On the Origin of the Hubble Sequence: I. Insights on Galaxy Color Migration from Cosmological Simulations (1311.5916v2)

Abstract: An analysis of more than 3000 galaxies resolved at better than 114 pc/h at z=0.62 in a LAOZI cosmological adaptive mesh refinement hydrodynamic simulation is performed and insights gained on star formation quenching and color migration. The vast majority of red galaxies are found to be within three virial radii of a larger galaxy, at the onset of quenching when the specific star formation rate experiences the sharpest decline to fall below ~10^{-2}-10^{-1}/Gyr (depending on the redshift). We shall thus call this mechanism "environment quenching", which encompasses satellite quenching.
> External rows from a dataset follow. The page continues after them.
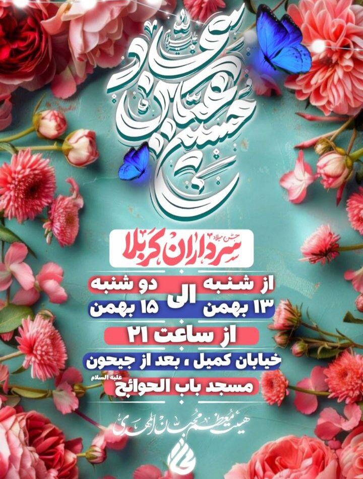 #اطلاعیه ✨ حـــلال جمیع مشکلات است حسین🍃 شـــویندۀ لوح سیئات است حسین 🌪 ای شیعه تو را چه غم ز طوفان بلا🛳 جائی که سفینة النجاة است حسین 🇮🇷 *ایران حسین (ع) تا ابد پیروز است …* ———————-🖤———————- 🏴 *مراسم عزاداریدهه اول محرم‌الحرام ۱۴۴۷* 🕰 زمان : *از پنجشنبه ۵…
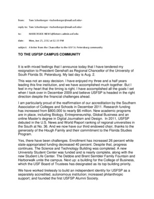 Email from President of the University of South Florida St. Petersburg announcing the resignation of Regional Chancellor Karen White who would take a different position at USF.
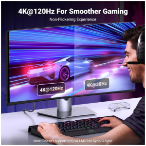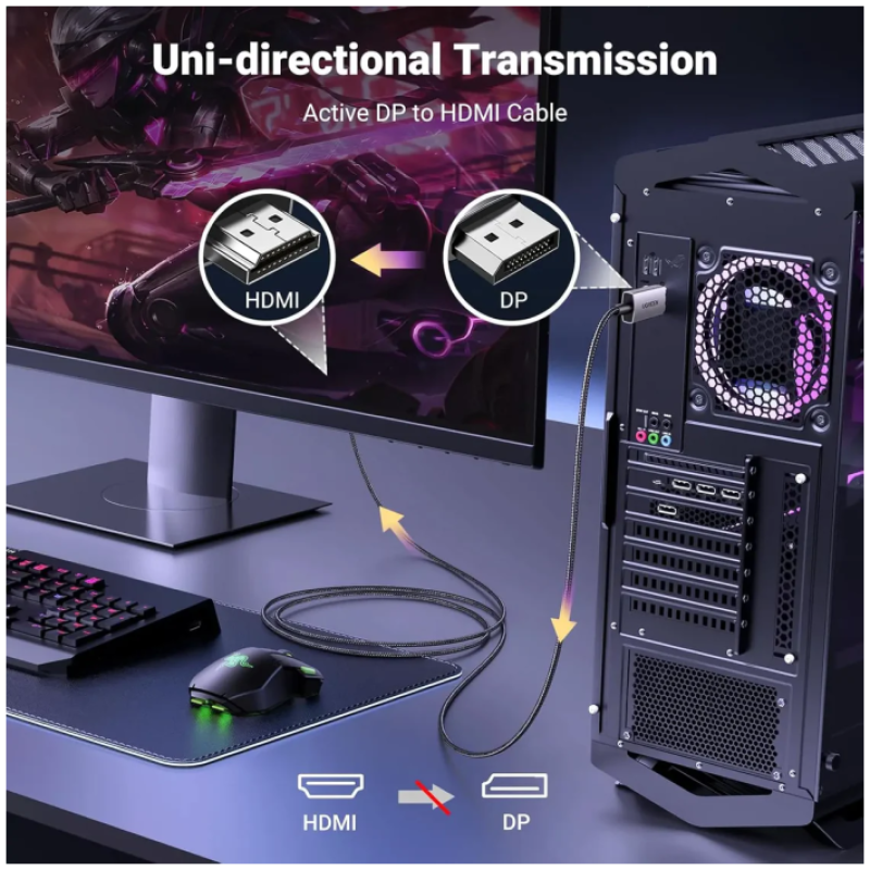 kabel UGREEN DP v HDMI vam omogoča povezavo naprav DP (npr. osebnega računalnika, prenosnika ali grafičnih kartic) na monitor, projektor, HDTV za prenos avdio in video signala. Podpira ločljivost do 8K@60Hz in visoko osvežitev (nazaj podpira 4K@120Hz), kar vam ponuja realističen 3D pogled in poglobljeno izkušnjo brez trganja. Opomba: svetujemo, da vir DP povežete neposredno z zaslonom HDMI, da se izognete napakam na zaslonu, namesto prek priklopne postaje ali zvezdišča zaradi omejitev strojne opreme

Two physical processes are largely responsible: ram-pressure stripping first disconnects the galaxy from the cold gas supply on large scales, followed by a longer period of cold gas starvation taking place in high velocity dispersion environment, during the early part of which the existing dense cold gas in the central region (<10kpc) is consumed by in situ star formation. Quenching is found to be more efficient, but not faster, on average, in denser environment. Throughout this quenching period and the ensuing one in the red sequence galaxies follow nearly vertical tracks in the color-stellar-mass diagram. In contrast, individual galaxies of all masses grow most of their stellar masses in the blue cloud, prior to the onset of quenching, and progressively more massive blue galaxies with already relatively older mean stellar ages continue to enter the red sequence. Consequently, correlations among observables of red galaxies - such as the age-mass relation - are largely inherited from their blue progenitors at the onset of quenching. While the color makeup of the entire galaxy population strongly depends on environment, which is a direct result of environment quenching, physical properties of blue galaxies as a sub-population show little dependence on environment.